### EXERCISE DIRECTIONS
Begin at the line that holds "Monogrammed towels are" and retype every line through the end of the material, both included. Leave out the pictures.

### RECORDS FOR THE EXERCISE
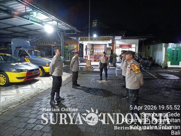 Polres Tabanan, Surya Indonesia.net – Polsek Kerambitan, Senin 06 April 2026; Anggota Piket Jaga Baru dan Piket Jaga Lama Polsek Kerambitan dipimpin oleh Perwira Pengawas (Pawas) Iptu I Kadek Romiawan, S.H melaksanakan acara serah terima tugas jaga bertempat di Halaman Mako Polsek Kerambitan.
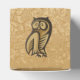 Owl icon on beige grunge background. Symbol of wisdom and wealth.
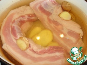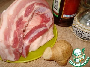 Сначала свинину надо сварить. Для этого понадобится 50 гр имбиря, 150 мл коньяка ( в оригинале авамори - местная рисовая водка) и 60 мл рисового уксуса.
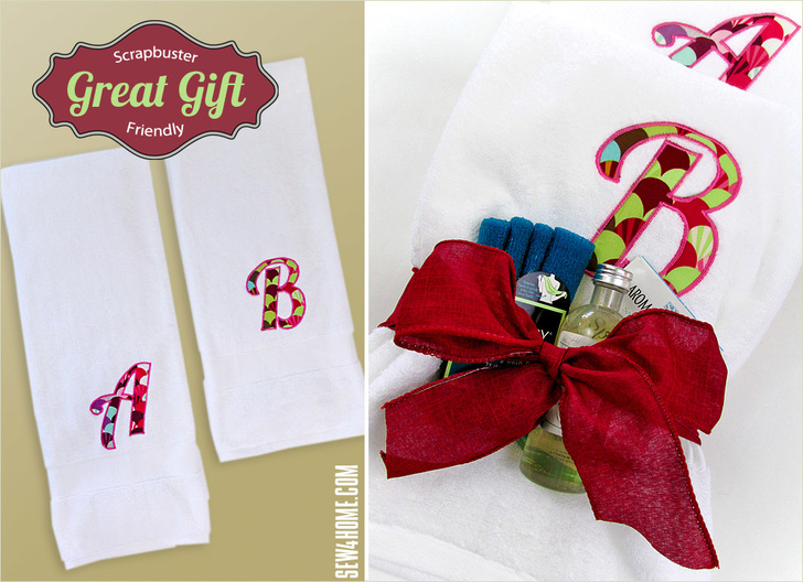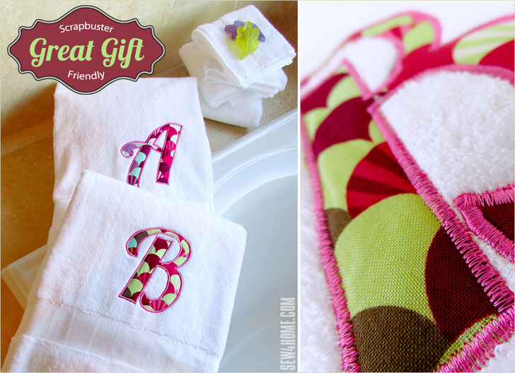 Monogrammed towels are one of life’s little luxuries, but for a bit more playful option, try appliqué. The letter(s) can be larger than a traditional monogram and the colors and patterns brighter. It’s a great use for some of those pretty scraps hiding in your stash.
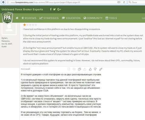 - Объективные минусы торговли с компанией IG Markets

### PROBLEM SOLUTION
 Monogrammed towels are one of life’s little luxuries, but for a bit more playful option, try appliqué. The letter(s) can be larger than a traditional monogram and the colors and patterns brighter. It’s a great use for some of those pretty scraps hiding in your stash.
 - Объективные минусы торговли с компанией IG Markets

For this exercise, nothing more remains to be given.